For identical data one should see a significant speed increase of some 50% at least, although that may depend on the type of data inserted. This evaluation speaks of 500% compared to non-batched operations, but that's not much of a proof. You could provoke a database error for a defined number of rows on insert and then check the exception raised (should be some BatchUpdateException
) and the actual number of rows processed. That might be enough of evidence that batching took place at the client side. Also a breakpoint in the jdbc code may do, OraclePreparedStatement.sendBatch()
would be a candidate I guess. And perhaps you could debug the oracle executable. You'd have to use a connection that doesn't use the thin client, like you do (jdbc:oracle:thin...

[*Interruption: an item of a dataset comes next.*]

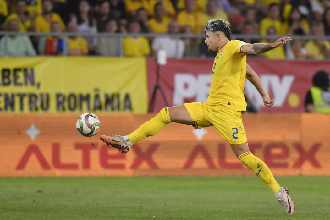 Andrei Ratiu, de la echipa nationala de fotbal a Romaniei, suteaza in timpul meciului contra selectionatei Lituaniei, din etapa a doua a grupelor din Liga Natiunilor, disputat pe stadionul Steaua din Bucuresti, luni, 9 septembrie 2024. ALEXANDRU DOBRE / MEDIAFAX FOTO

), but the OCI client (oracle call interface), the call you're searching for is OCIBindArrayOfStruct
. For the db server side I have no idea honestly. Perhaps one could sniff out the IP traffic to determine the number of requests per n rows.
As far as I'm concerned, I took the speed up for identical data as sufficient evidence, that batching took place. And even if it didn't, just the speed up was all I needed.